» **Records provided**:

++++++

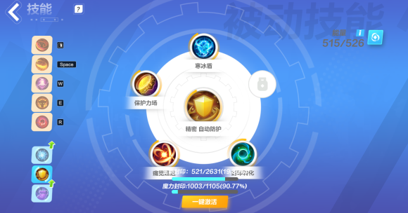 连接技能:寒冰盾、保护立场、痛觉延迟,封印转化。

++++++

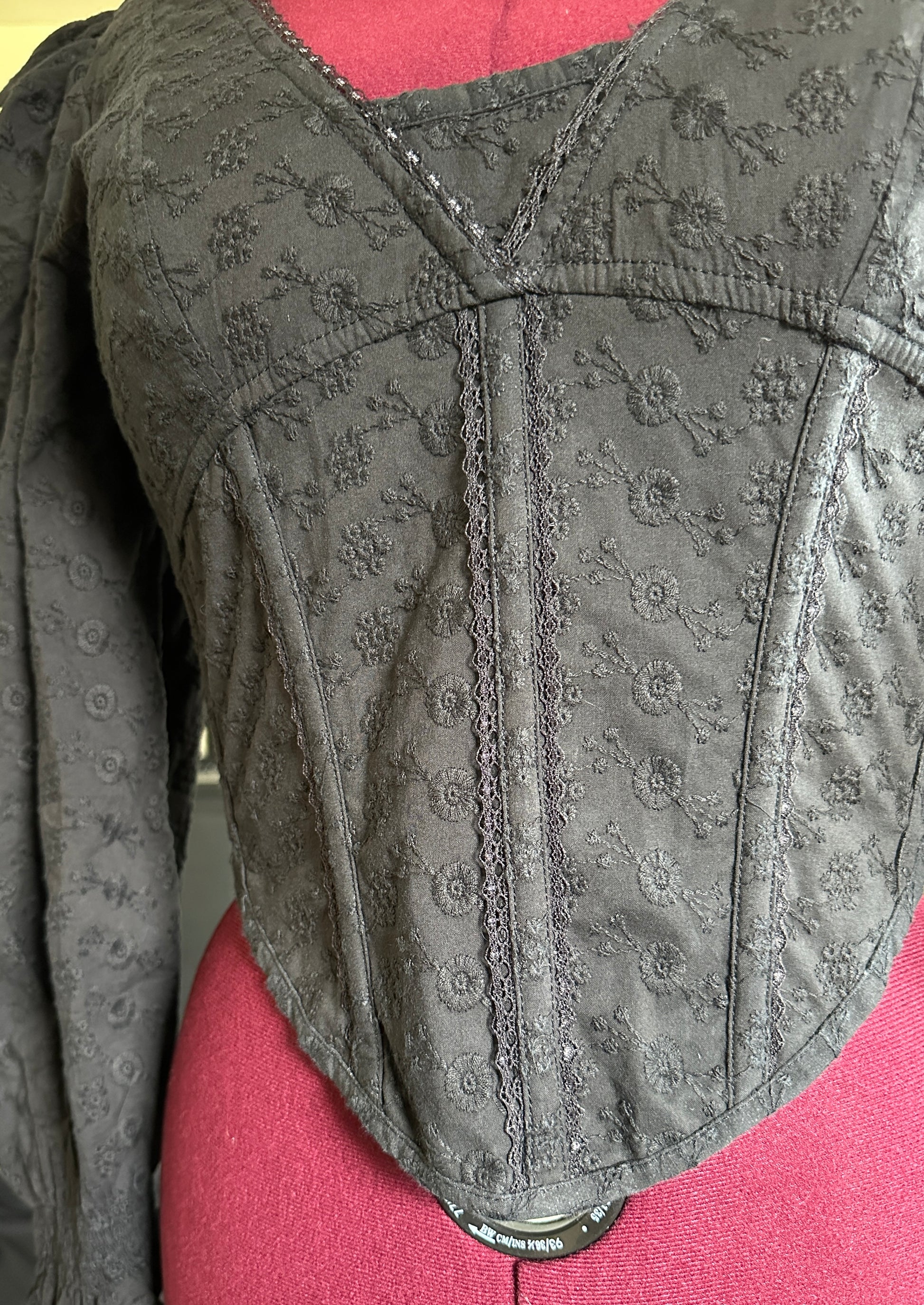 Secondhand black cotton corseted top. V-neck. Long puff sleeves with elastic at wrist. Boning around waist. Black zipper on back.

++++++

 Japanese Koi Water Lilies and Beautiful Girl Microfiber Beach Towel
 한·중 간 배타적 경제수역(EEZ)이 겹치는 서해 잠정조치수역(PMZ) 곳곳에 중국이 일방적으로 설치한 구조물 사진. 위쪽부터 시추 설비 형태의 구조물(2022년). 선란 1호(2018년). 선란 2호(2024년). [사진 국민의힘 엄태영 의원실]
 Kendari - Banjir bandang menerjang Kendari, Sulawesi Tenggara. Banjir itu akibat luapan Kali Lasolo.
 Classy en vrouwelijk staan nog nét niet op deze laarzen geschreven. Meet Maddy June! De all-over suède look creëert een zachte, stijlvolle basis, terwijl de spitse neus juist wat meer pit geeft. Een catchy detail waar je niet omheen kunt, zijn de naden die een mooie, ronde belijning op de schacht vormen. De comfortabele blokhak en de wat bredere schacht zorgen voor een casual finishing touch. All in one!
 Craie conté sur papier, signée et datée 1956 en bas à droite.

++++++

» **What this task involves**:
Your task for the entries above: copy exactly the span starting with the line with "한·중 간 배타적 경제수역(EEZ)이" and going on through the line with "Craie conté sur", both lines included, and nothing else.

» **Response to this exercise**:
 한·중 간 배타적 경제수역(EEZ)이 겹치는 서해 잠정조치수역(PMZ) 곳곳에 중국이 일방적으로 설치한 구조물 사진. 위쪽부터 시추 설비 형태의 구조물(2022년). 선란 1호(2018년). 선란 2호(2024년). [사진 국민의힘 엄태영 의원실]
 Kendari - Banjir bandang menerjang Kendari, Sulawesi Tenggara. Banjir itu akibat luapan Kali Lasolo.
 Classy en vrouwelijk staan nog nét niet op deze laarzen geschreven. Meet Maddy June! De all-over suède look creëert een zachte, stijlvolle basis, terwijl de spitse neus juist wat meer pit geeft. Een catchy detail waar je niet omheen kunt, zijn de naden die een mooie, ronde belijning op de schacht vormen. De comfortabele blokhak en de wat bredere schacht zorgen voor een casual finishing touch. All in one!
 Craie conté sur papier, signée et datée 1956 en bas à droite.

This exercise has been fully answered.